* _PROBLEM TO SOLVE_: Exactly the lines below from the line with "Pennant coralfish (longfin" through the line with "浙江中医药文化大讲堂第十一讲——郑金生研究员:《本草纲目》海外研究见闻与亲历" must make up the answer, both ends included and pictures left out.

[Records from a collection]

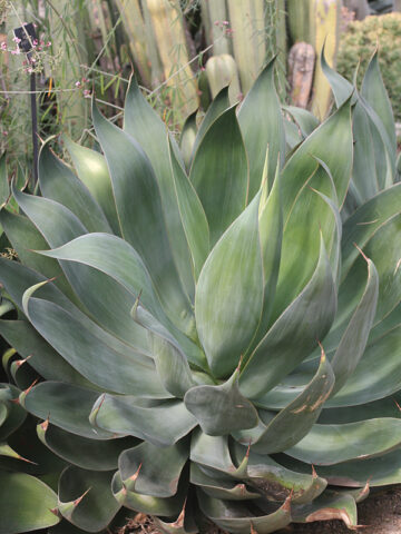 Before leaving, Agave are inspected, watered, and pruned. Larger plants, generally those that ship in 8″ pots, will be topped to 36″ or 48″ overall, depending on the variety, if necessary, to facilitate shipping. Your new plants’ pot is then bagged to ensure that the soil stays in the pot and not loose in the box. Plants are tissue or kraft paper wrapped and generally secured in place with natural biodegradable peanuts.
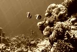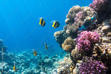 Pennant coralfish (longfin bannerfish), Butterflyfish (Chaetodon) and Parrotfish in colorful coral reef, Red Sea, Egypt. Bright yellow striped tropical fish in the ocean, clear blue turquoise water.
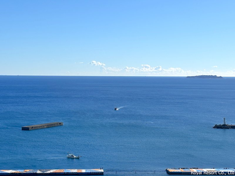 【初島】熱海らしい海景色に、初島というアクセントが加わった、最上階ならではの眺めです。
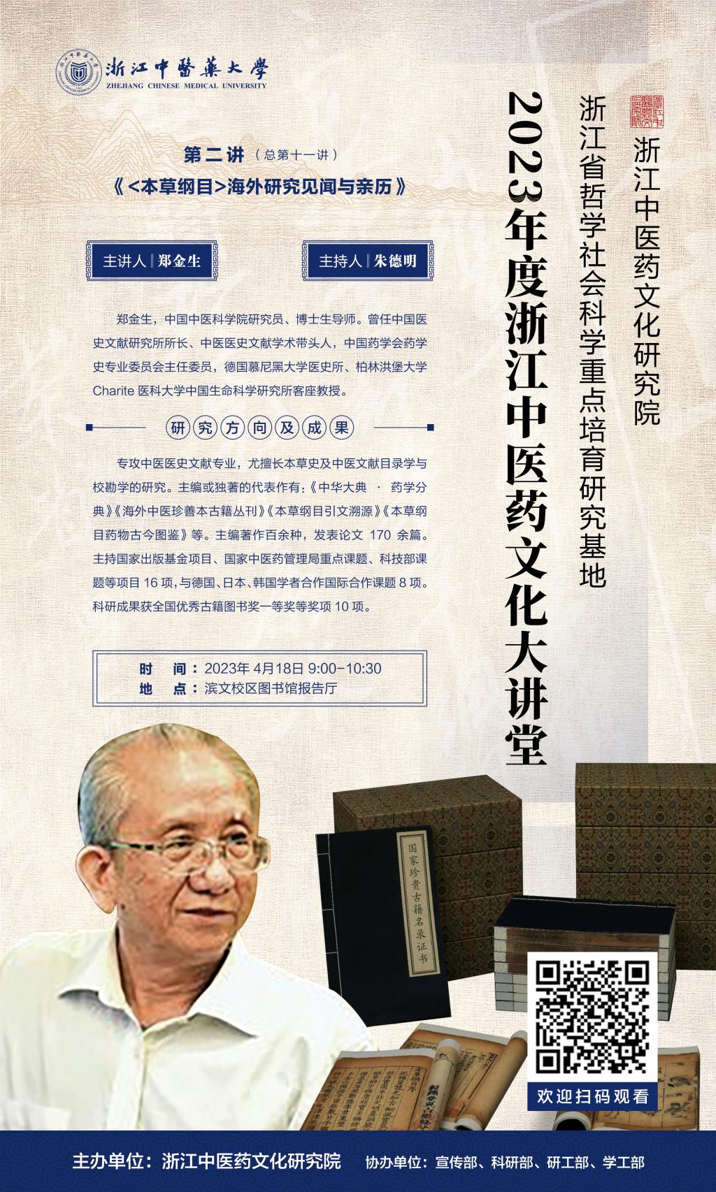 浙江中医药文化大讲堂第十一讲——郑金生研究员:《本草纲目》海外研究见闻与亲历
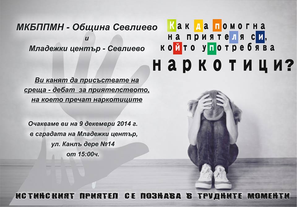 Местната комисия за борба срещу противообществените прояви на малолетните и непълнолетните при Община Севлиево и Младежки център - Севлиево организират среща-дебат на тема „Как да помогнем на приятел, който употребява наркотици?”.
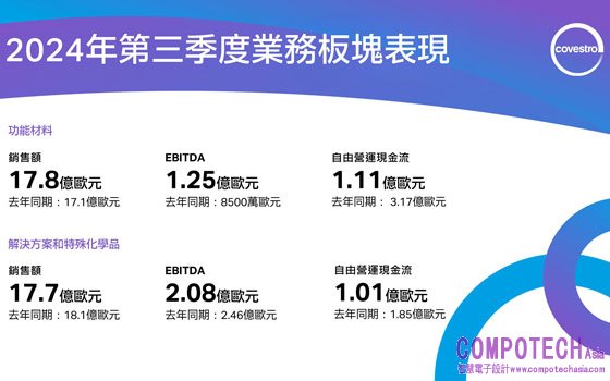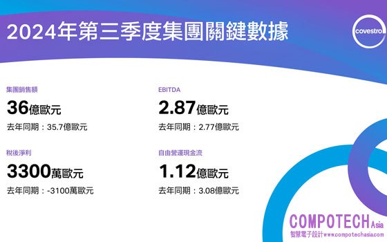 2024年第三季度,科思創的銷量持續成長,尤其是EMLA(歐洲、中東、非洲和除墨西哥以外的拉美)和亞太地區。集團銷售額約36億歐元,與去年同期的35.7 億歐元相比保持穩定,原因是較低的原材料價格導致了銷售價格水準的下降。與2023年第三季度相比,集團稅息折舊前攤銷前利潤(EBITDA)成長了3.6%,達到2.87億歐元(去年同期:2.77億歐元),處於2.5億歐元至3.5億歐元的預測範圍內。集團稅後淨利為3300萬歐元(去年同期:–3100萬歐元)。自由營運現金流減少至1.12億歐元(去年同期:3.08億歐元),主要是營運現金流下降所致。

* _RESPONSE_:
 Pennant coralfish (longfin bannerfish), Butterflyfish (Chaetodon) and Parrotfish in colorful coral reef, Red Sea, Egypt. Bright yellow striped tropical fish in the ocean, clear blue turquoise water.
 【初島】熱海らしい海景色に、初島というアクセントが加わった、最上階ならではの眺めです。
 浙江中医药文化大讲堂第十一讲——郑金生研究员:《本草纲目》海外研究见闻与亲历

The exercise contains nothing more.